Nineteen eighty-three proved to be one of the most dangerous years of the Cold War. The new leader of the Soviet Union, Yuri Andropov, was old, paranoid, physically ill, and staunchly anti-American. A former head of the KGB, Andropov had for many years played a leading role in the suppression of dissent throughout the Soviet bloc. The election of Ronald Reagan persuaded him that the United States might seek to launch a first strike. The KGB began an intensive, worldwide effort to detect American preparations for a surprise attack, code-named Operation RYAN. Andropov’s concerns were heightened by the Reagan administration’s top secret psychological warfare program, designed to spook and confuse the Kremlin.

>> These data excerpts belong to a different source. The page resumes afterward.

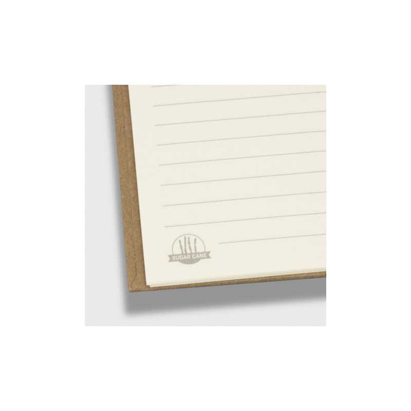 Natural cover A5 notebook with neutral colour elastic strap, pen loop and page marker. 80 leaves, 160 lined white pages (70GSM). Eco Credentials. Renewable. Recyclable. Biodegradable. Printed using reusable energy.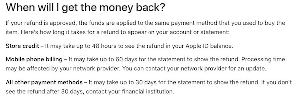 -> If you have requested a refund, you must wait until Apple has approved. Then you will receive a message from Apple.
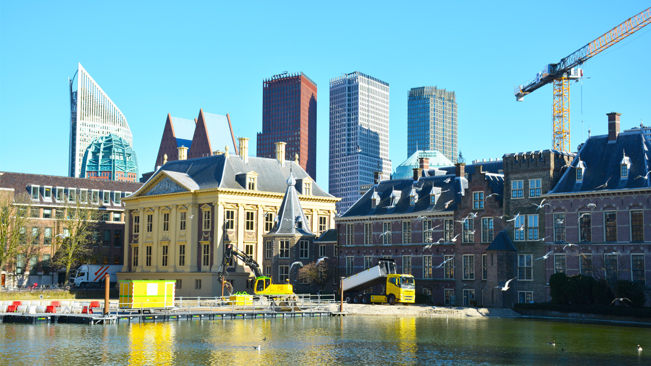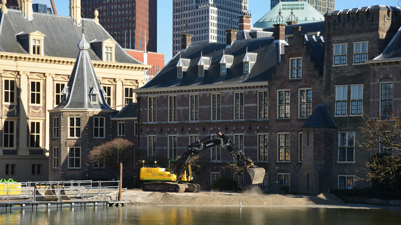 Langs de buitenkant van het gebouw wordt momenteel een 180 meter lange strook bouwterrein aangelegd, nodig om de lekkende gevels en de gebrekkige fundering te herstellen. Hiervoor wordt zand gestort en een damwand geplaatst op 15 meter vanaf het gebouw. De Hofvijver wordt gedempt met 8.400 kuub zand. Daar bovenop komen industrieplaten te liggen. Zo ontstaat een werkplatform van waaraf men de gevels grondig kan aanpakken. De funderingen worden (door het zand heen) geïnjecteerd met grout, een cementsoort die veel gebruikt wordt voor grondstabilisatie en ook grondwaterstroming kan voorkomen.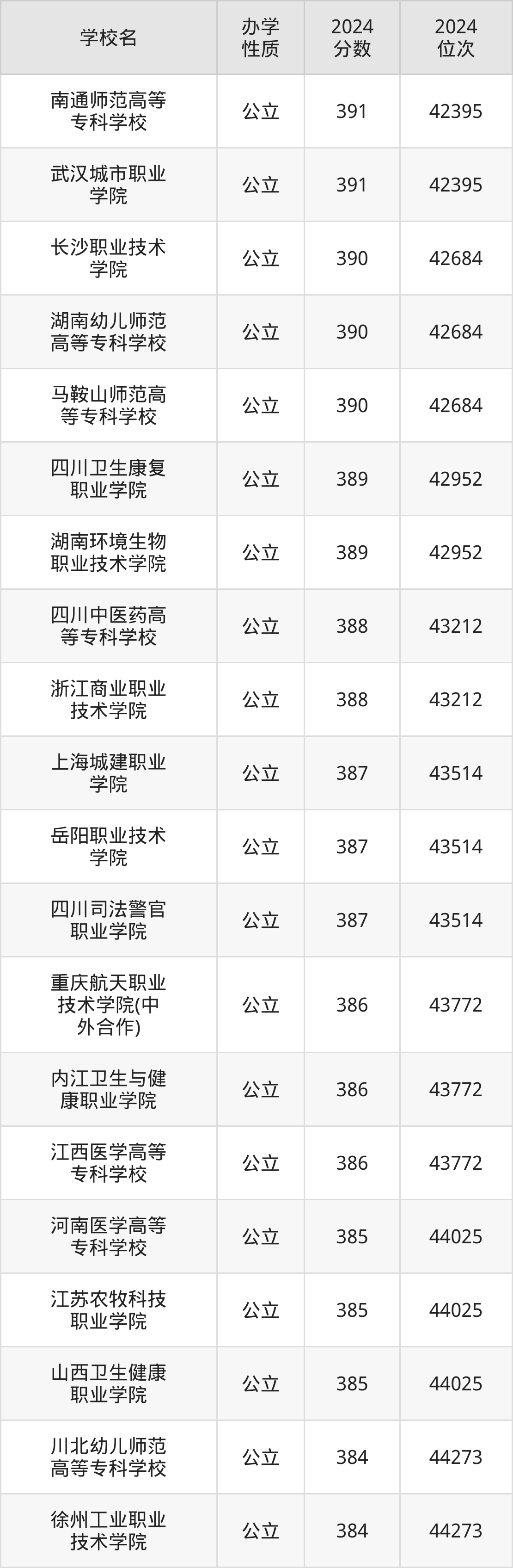 | 四川卫生康复 职业学院 | 389 | 42952 |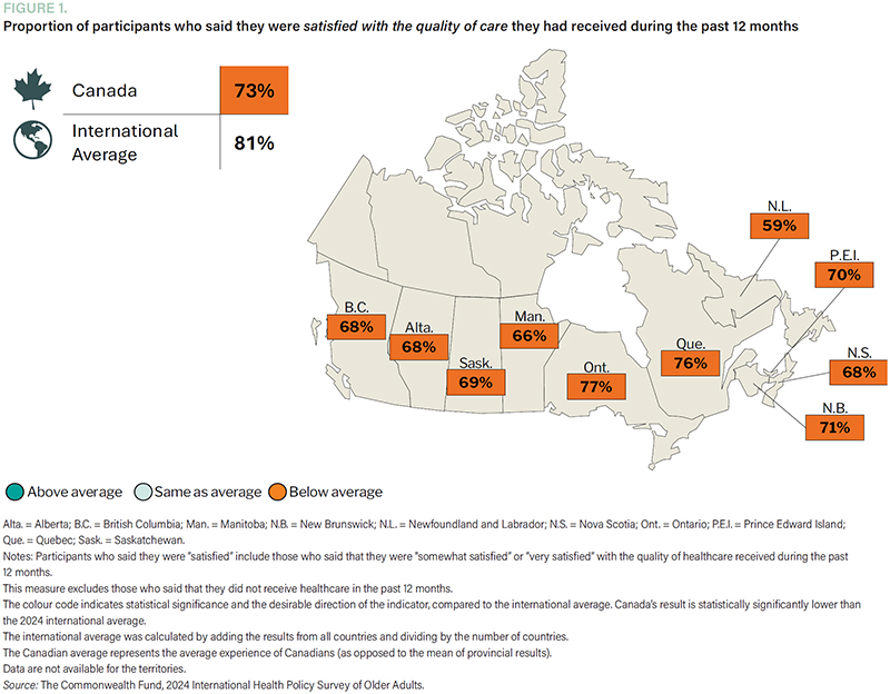 Older adults in Canada were also the least likely to feel satisfied with their overall care over the past year compared with the other countries surveyed, with over one in four who had received care saying that they were not at least somewhat satisfied. Satisfaction rates varied across the country – from 59% in Newfoundland and Labrador to 77% in Ontario – although all provinces scored below the international average (Figure 1).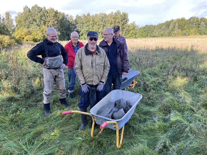 Så fik Bjarne aktiveret Karl, Kaj, Preben, Carsten og John til at fjerne hegn langs Lilleåen på Christian Malmkjærs grund således at der nu er fri adgang til åen fra Balle til Vester Ringvej. Tak til Christian og arbejdsholdet.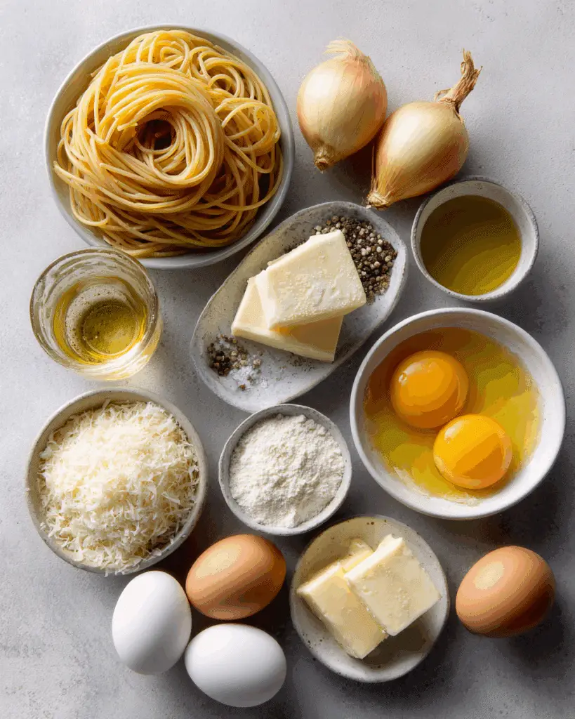 This recipe was born from a craving for comfort food with a little elegance, the kind you whip up after a long day but still feel proud to serve to guests. One evening, as I stared at a few pantry staples, a handful of onions and some pasta called to me. I started slicing, slow-cooking them until golden and sweet, then marrying them with silky eggs, cheese, and spaghetti. And just like that, a star was born in my kitchen — simple, satisfying, and irresistibly cozy.

American naval exercises were staged without warning near important military bases along the Soviet coastline; SAC bombers entered Soviet airspace and then left it, testing the air defenses. The Soviet Union played its own version of the game, keeping half a dozen ballistic-missile submarines off the coast of the United States.

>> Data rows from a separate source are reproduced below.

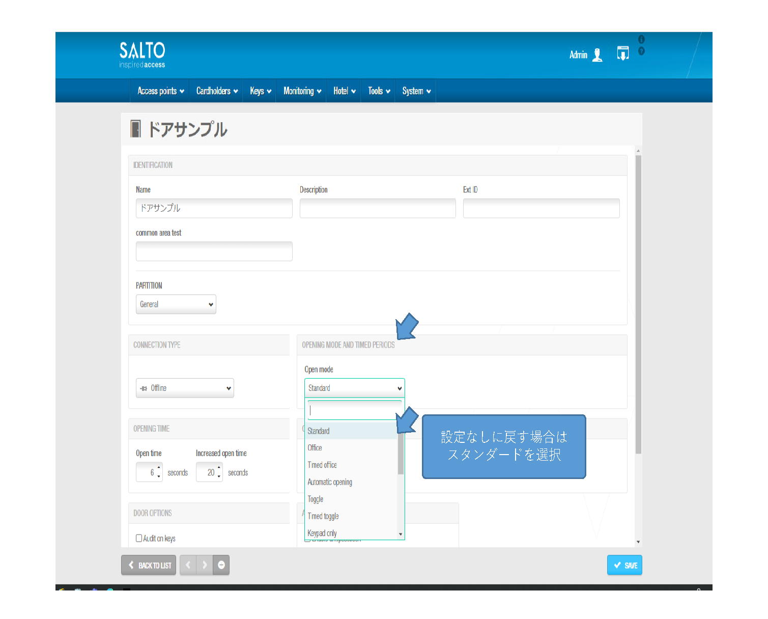 確認できます。オフラインSALTO電子錠の場合でもカードを経由して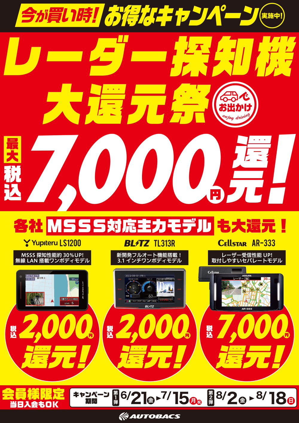 対象のレーダー探知機ご購入で最大7千円還元致します!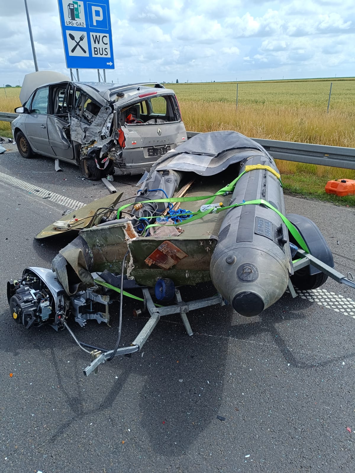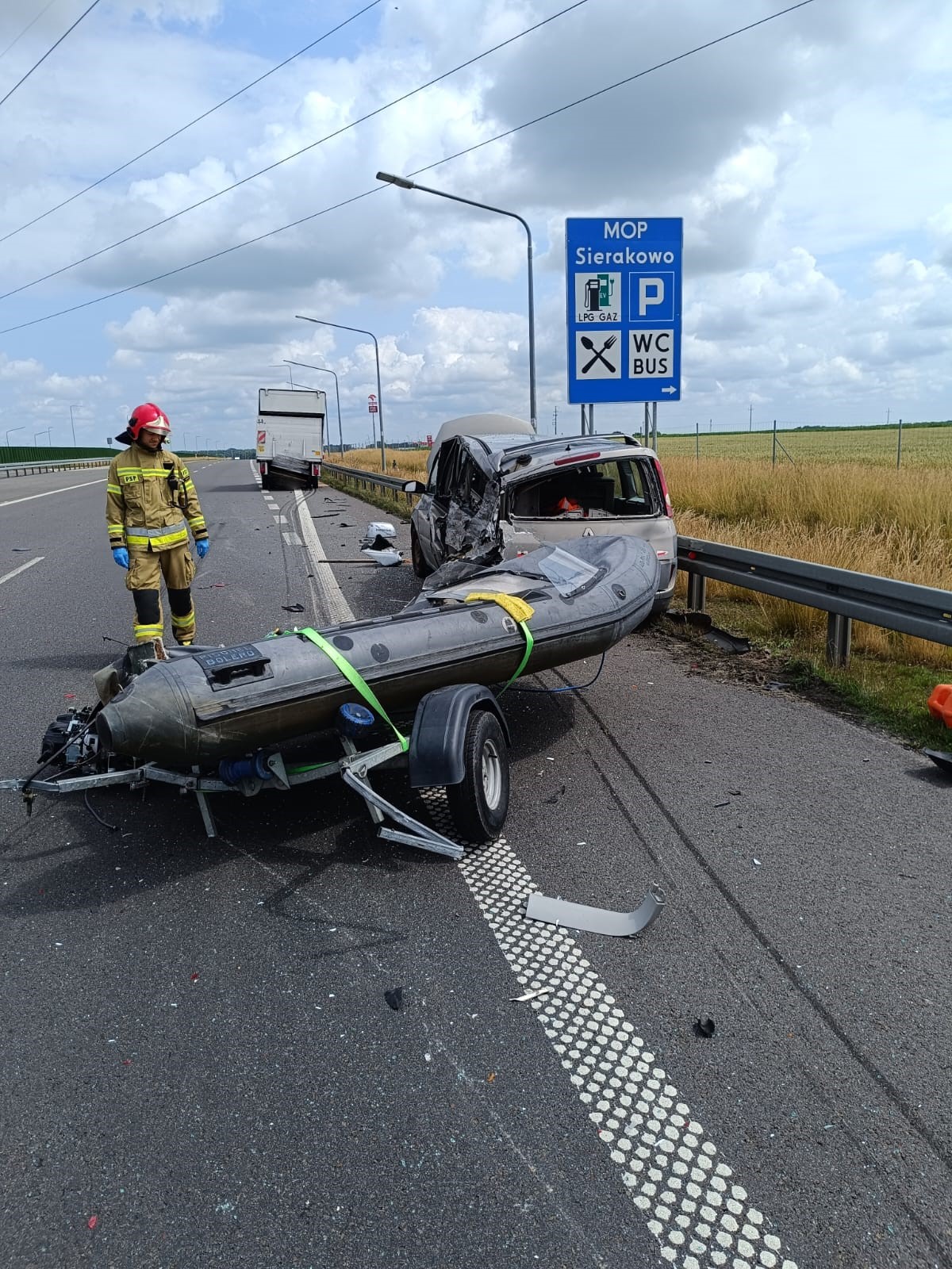 Do pierwszego zdarzenia doszło 1 lipca o godz. 10.58. Na drodze w kierunku Poznania zderzyły się samochód osobowy z przyczepką z pontonem oraz samochód dostawczy. Pojazdami podróżowali tylko kierowcy. Oba pojazdy uległy poważnym zniszczeniom. Strażacy udzielili pomocy poszkodowanym. Przybyły na miejsce Zespół Ratownictwa Medycznego zdecydował o przewiezieniu jednej osoby na dalsze badania do kościańskiego szpitala.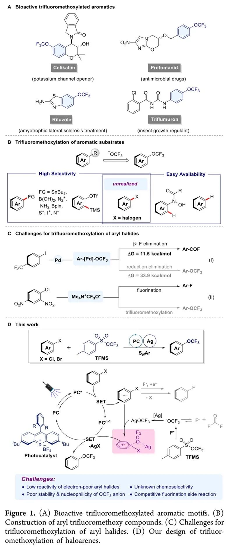 在众多潜在底物中,芳基卤化物(Ar-X)因其商业可得、稳定且易于实现区域选择性控制,被视为最理想的原料之一。但令人遗憾的是,几十年来,芳基卤化物的直接三氟甲氧基化反应始终无法实现。传统方法面临两大问题:(1)OCF3自由基倾向于进攻芳环C-H键,而非更强的C-X键。(2)弱亲核性的OCF3阴离子难以与芳基卤化物直接发生传统的芳香亲核取代反应。过渡金属(如钯)催化,会快速地发生β-氟消除而得到酰氟产物,而非三氟甲氧基产物(Figure 1 C)。

On March 8, 1983, at the annual convention of the National Association of Evangelicals, President Reagan called the Soviet Union “the focus of evil in the modern world… an evil empire.” Two weeks later, Reagan announced his Strategic Defense Initiative, soon known as Star Wars, a long-range plan to defend the United States by shooting down enemy missiles from outer space. The technology necessary for such a system did not yet exist — and Reagan acknowledged that it might not exist for another ten or twenty years. But Star Wars deepened the Kremlin’s fears of a first strike. An American missile defense system was unlikely to be effective against an all-out Soviet attack. It might, however, prove useful in destroying any Soviet missiles that survived an American first strike. Andropov strongly criticized the plan and warned that it would start a new arms race. “Engaging in this is not just irresponsible,” Andropov said. “It is insane.”

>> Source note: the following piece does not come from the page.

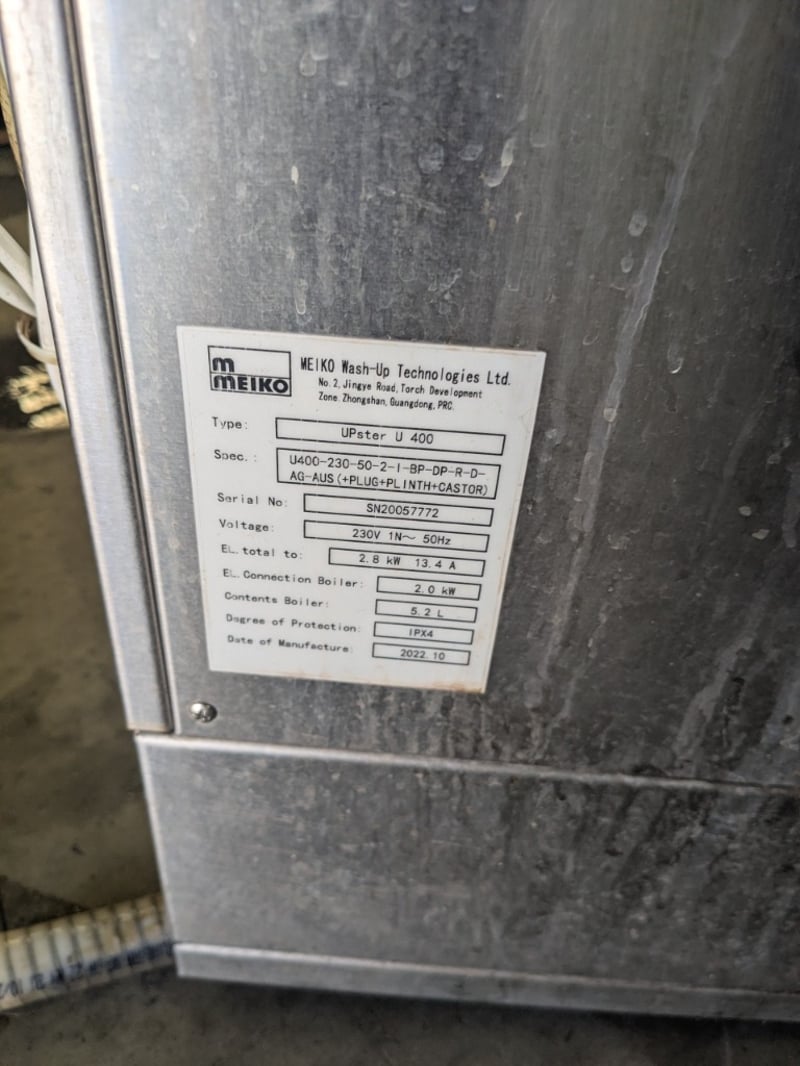 Commerical Meiko ‘Upster’ Glasswasher 460mm Model: U400 Dimensions: 86cmH x 60cmW x 45cmL

The Pershing II missiles were supposed to arrive in West Germany at the end of November, and anxieties about nuclear war increased throughout Europe as the date approached. On the evening of September 1, Soviet fighter planes shot down a civilian airliner, Korean Airlines Flight 007, killing all 269 of its passengers. The Boeing 747 had accidentally strayed into Soviet airspace, not far from a missile test site, and the airliner was mistaken for an American reconnaissance plane. The Kremlin denied that it had anything to do with the tragedy — until the United States released audio recordings of Soviet pilots being ordered to shoot down the plane. President Reagan called the attack “an act of barbarism” and a “crime against humanity [that] must never be forgotten.”

A few weeks later alarms went off in an air defense bunker south of Moscow. A Soviet early-warning satellite had detected five Minuteman missiles approaching from the United States. The commanding officer on duty, Lieutenant Colonel Stanislav Petrov, tried to make sense of the warning. An American first strike would surely involve more than five missiles — but perhaps this was merely the first wave. The Soviet general staff was alerted, and it was Petrov’s job to advise them whether the missile attack was real. Any retaliation would have to be ordered soon. Petrov decided it was a false alarm. An investigation later found that the missile launches spotted by the Soviet satellite were actually rays of sunlight reflected off clouds.